When Judge Feldman granted a preliminary injunction against the federal government for ordering a six-month moratorium on deepwater drilling yesterday, he called the drilling hiatus "arbitrary and capricious" and its basis "factually incorrect." The administration vowed to immediately appeal.
But Salazar's Interior Department went a step further, drafting a new moratorium order, which will lay out in detail how the Deepwater Horizon well, authorized under the same rules as the other 33 deep wells in the Gulf, is an illustration of the flaws in those rules, and thus prima facie evidence of the danger those wells pose.
"Damn," I thought. "It's what the Florida Supremes should have done."
You'll recall that, in 2000, the U.S. Supreme Court ordered a stay to the vote recount in Florida, finding that the Florida Supreme Court ruling allowing for continuing recount of votes in contested counties after Katharine Harris declared the vote certified treated the votes in those counties differently than those of the rest of the state. The US Supremes' decision said, in essence, "We say that you're violating the 14th Amendment by continuing to count those counties. Explain how you're not."
The Florida Supremes countered by ordering a statewide recount only of undervotes, which allowed the majority of the US court to say, "You didn't address our objection. Bush wins."
By not only appealing Judge Feldman's ruling, but by issuing a new moratorium order that addresses Feldman's claim that the moratorium isn't based in fact, I believe Salazar has not only checked the judge's first argument, but done it in a very clever way. If the plaintiffs want to challenge the second order, they are going to have to sue in Feldman's court and the reasoning the judge has given for siding with the plaintiffs won't wash against the second moratorium, which you can bet your boots is going to have more factual reasons to believe that deep drilling, as currently permitted and practiced in the Gulf, is demonstrably dangerous.

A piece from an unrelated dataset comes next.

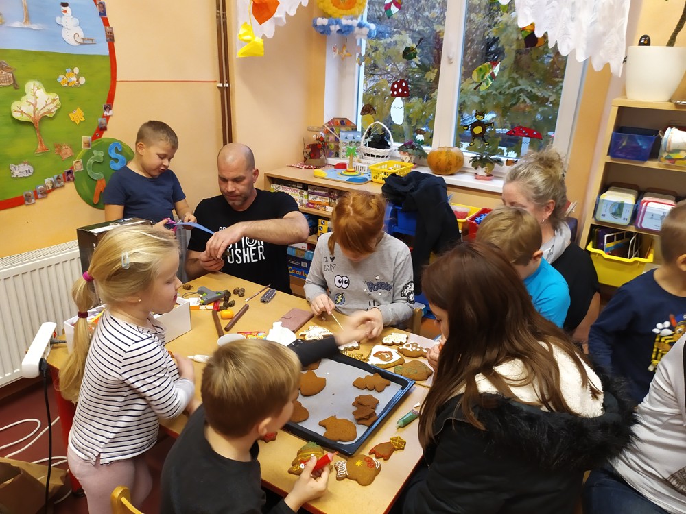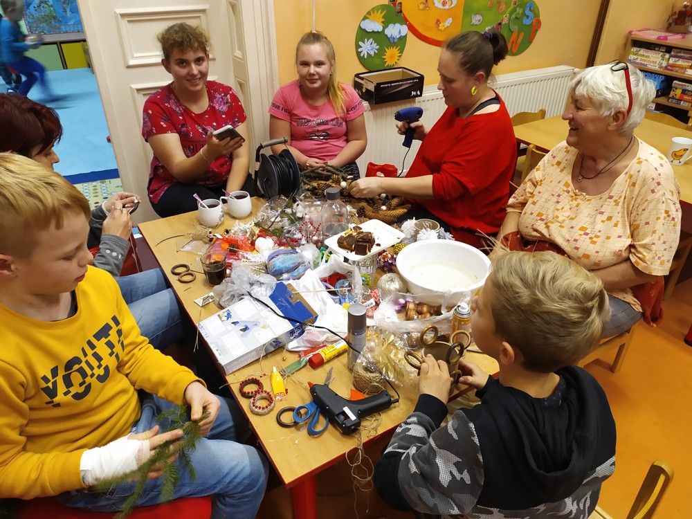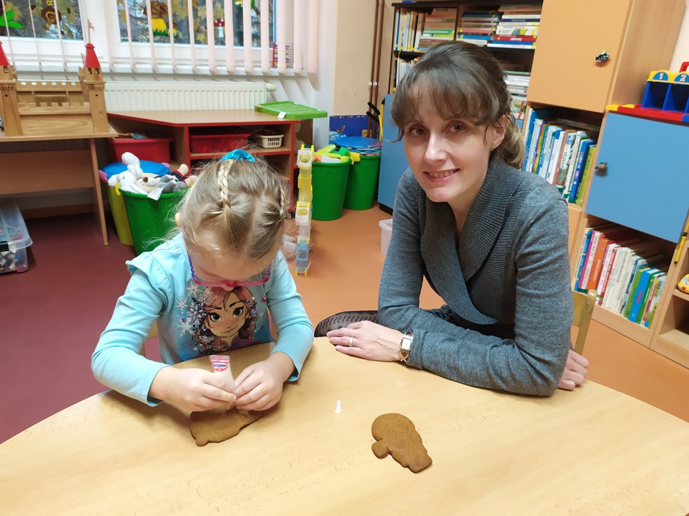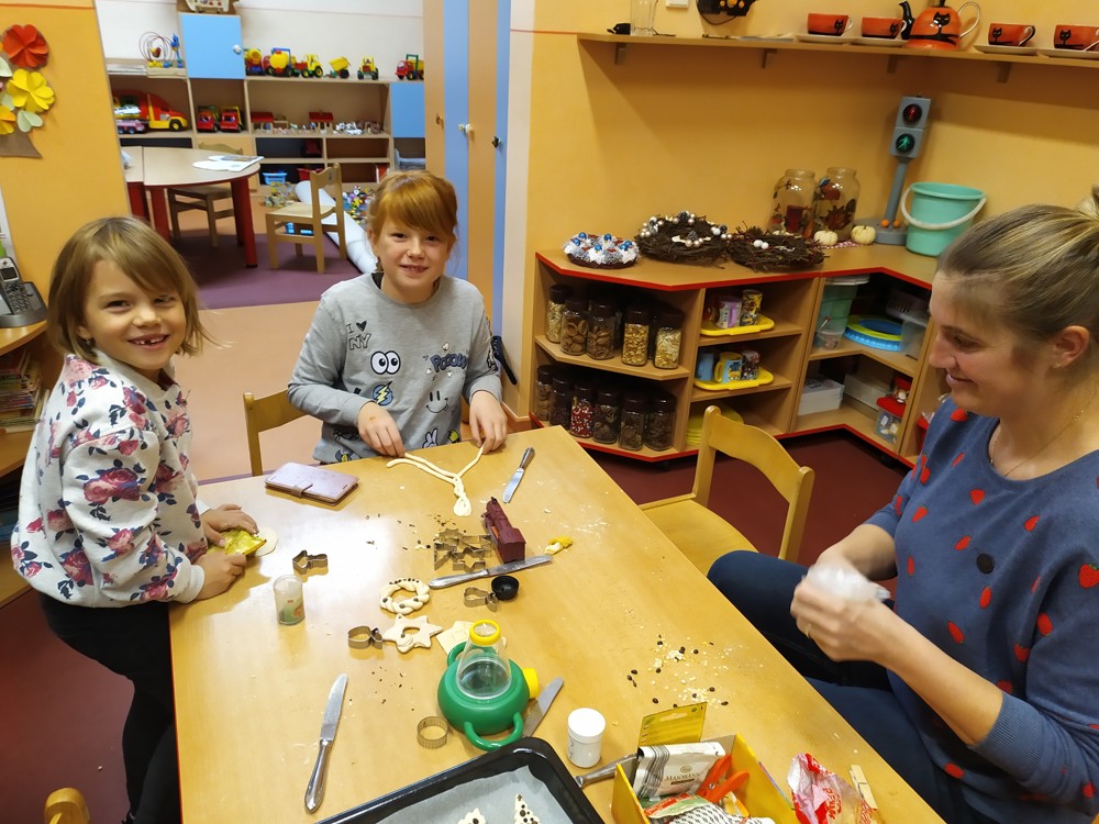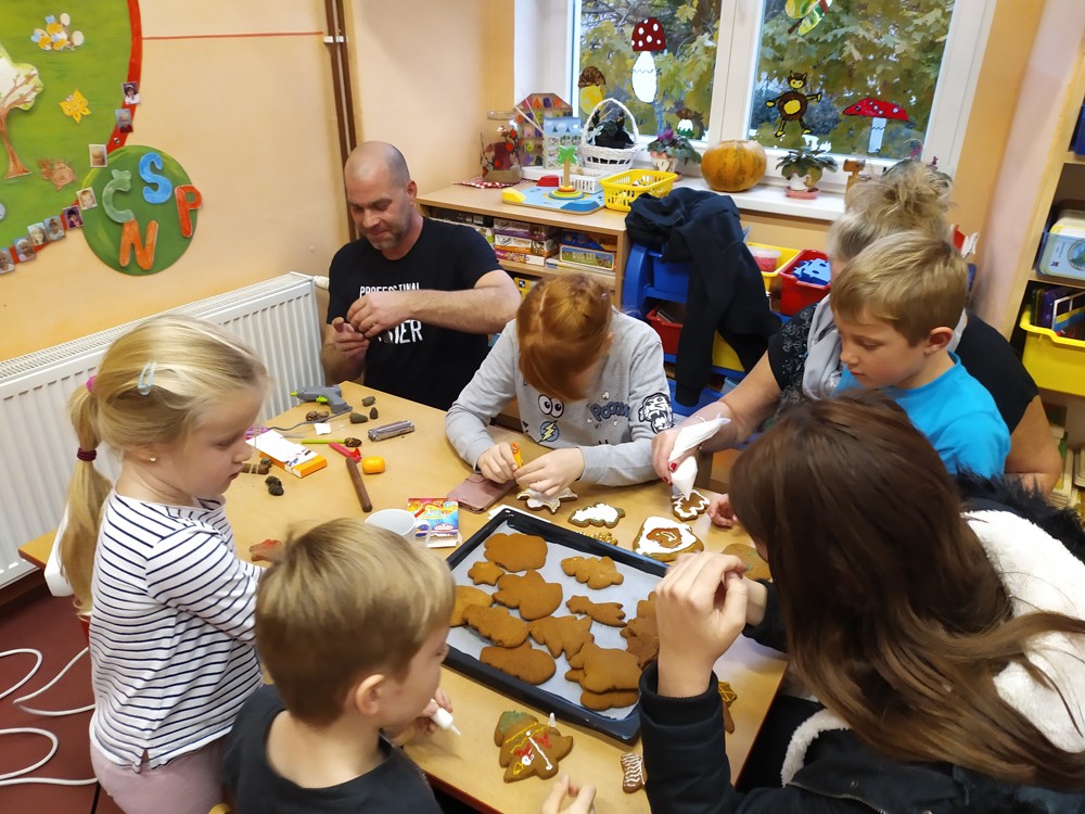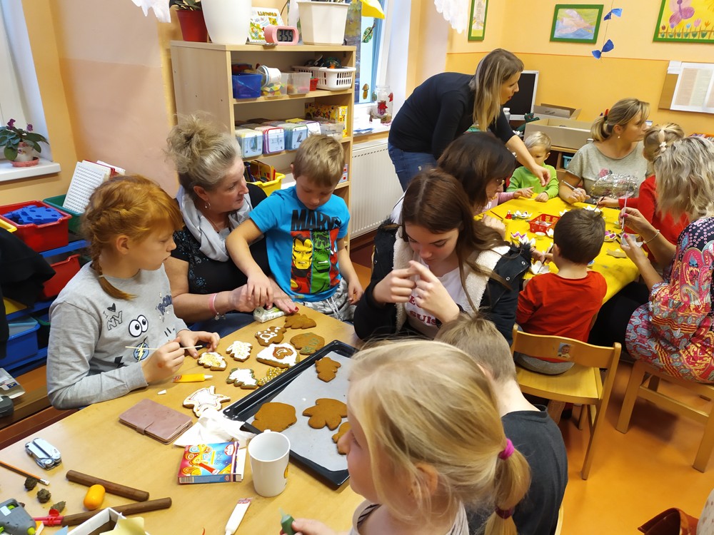 Tentokrát jsme se sešli, abychom ozdobili perníčky, svícny a upekli ozdobičky ze slaného těsta, které budeme prodávat při slavnostním rozsvícení vánočního stromu, kde budou děti zpívat a recitovat. Některé maminky se pustily do výroby úžasných vánočních věnců. Doufáme, že se budou výrobky líbit a dárky, které za vydělané korunky koupíme, udělají radost našim dětem pod vánočním stromečkem.

While the appeal of the injunction has more or less continued the pause in deep drilling, the second moratorium order guts Feldman's own arguments, and will have to be challenged in his own court.
IANALJROCAPOSOI (I am not a lawyer, judge, regulator, oil company, appeals panel or Secretary of the Interior), but it seems to me Salazar and his staff have tied up those rigs with a big, pretty bow.
You are free to appeal my judgement.